I grew my hair long around 10 years ago and a lot of my colleagues in the international organisation where I worked told me I was very courageous since they would not dare do it in such a formal workplace. I did it and still wear my ponytail to the day. I feel like men would not change their hair if they were looking for new adventures, but maybe they would. I'm still happily married after 36 years, so maybe it does not matter... I do like your writing style...
Funny about the messages hair and length send. So glad you like my writing and congrats on the 36 years of marriage. Getting to know you here and connecting through our writing.
Ah!!!! The ending!!!! I’m so glad I found you here, can’t recall how, maybe it was a mutual favorite Adam Nathan. Regardless, delighted. Continuing the binge…
Oh, my goodness, so glad you found me.
You rockin' that 'do, girl! 🧑🦳
Ben, don't know how I missed this comment. Again, apologies for the late reply and so glad you're reading and helping me get through ....
"She was obscured by the shrubbery of age" - beautiful.
Ah, you are a love!
Everything from “obscured by” to “France.”
Ah ...
... was fantastic. I need to be more liberal with my emoticons. 😀
I like this comment even better ... 😍 xo
Love this chapter. With visits by Michelle Obama and Einstein, curling irons, travels and life transitions, and weaving through it is how our hair defines us and makes a statement, at all of our life stages.

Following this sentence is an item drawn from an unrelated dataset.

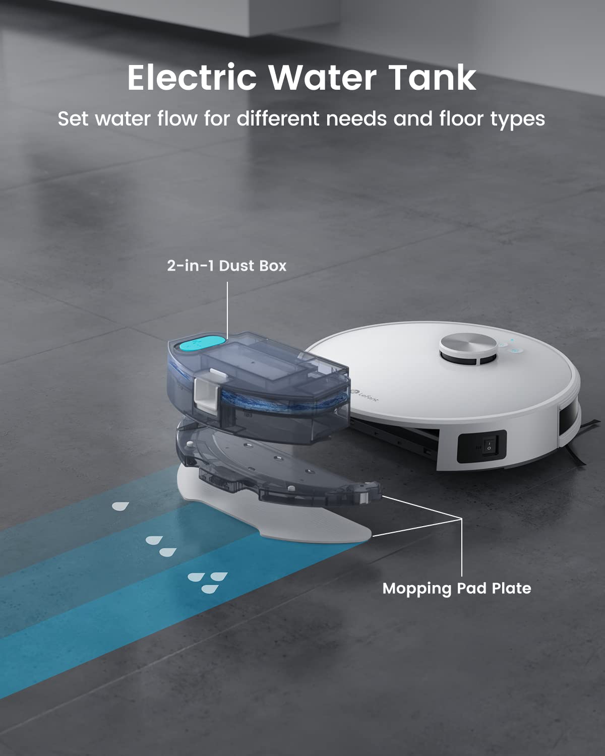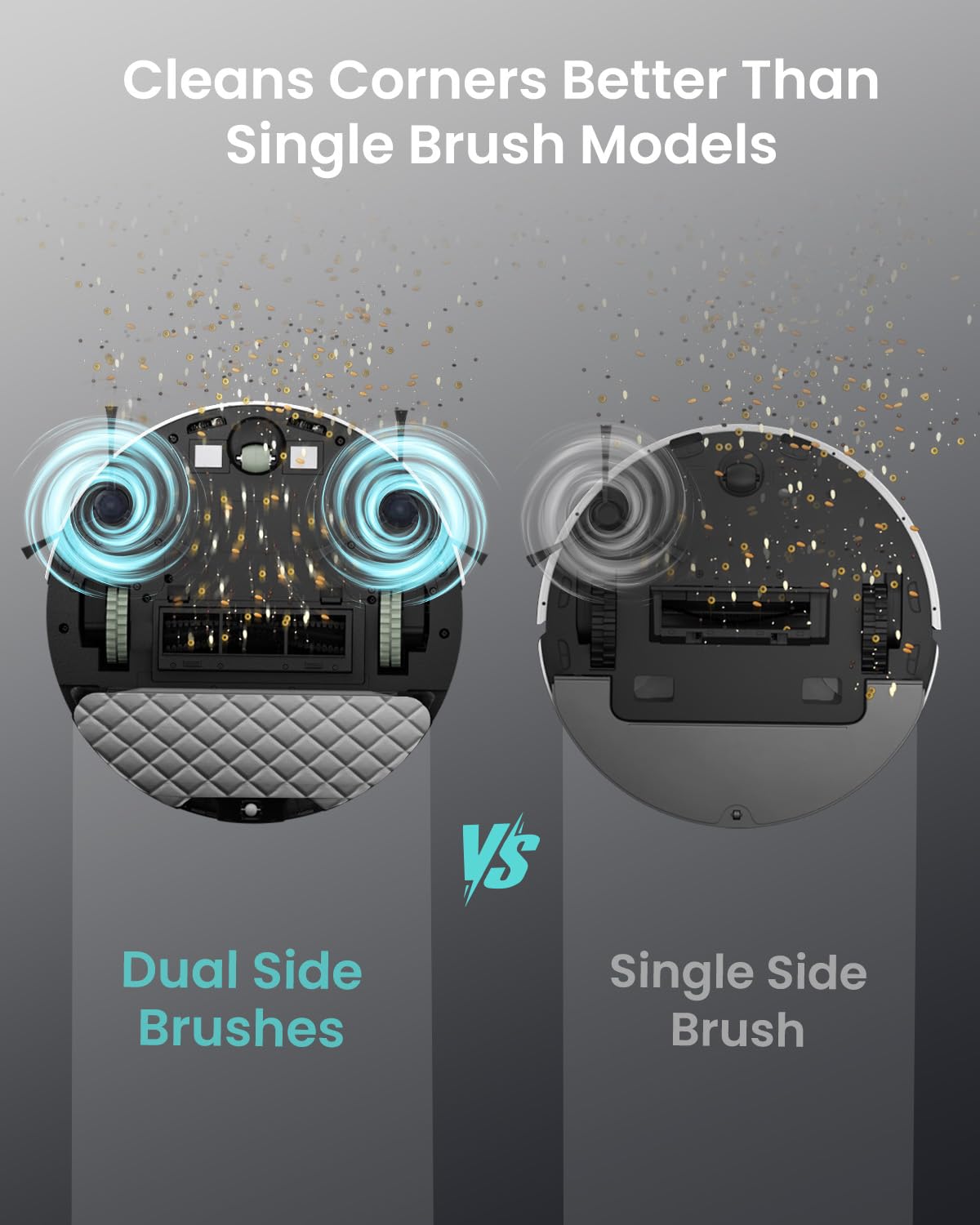 3-in-1 Vacuum, Sweep & Mop: Sweep, vacuum, and mop in one smart unit. The 160mL water tank with adjustable flow levels and honeycomb mop cloth delivers streak-free cleaning, while dual side brushes improve edge coverage by up to 75%.

What a grand comment. Thank you, Russell.
Hairdo as history - so true. Reading this led to my charting the course of my own life through the permutations undertaken via hair lengths, cuts, styles, etc., starting with waist length braids at the age of six to the present day graying crop thinned out by Hashimoto’s disease.
Fascinating how you, Mary, 'got' exactly what I implied with this chapter. Thank you for the close read. xo
It’s fascinating how hair represents a kind of strength. Thinking Samson, but also the power to reinvent. Balding men like me do it with our beards. A lovely chapter.
Yes, Josh, exactly as you state. Thank you so for reading and commenting with such generosity.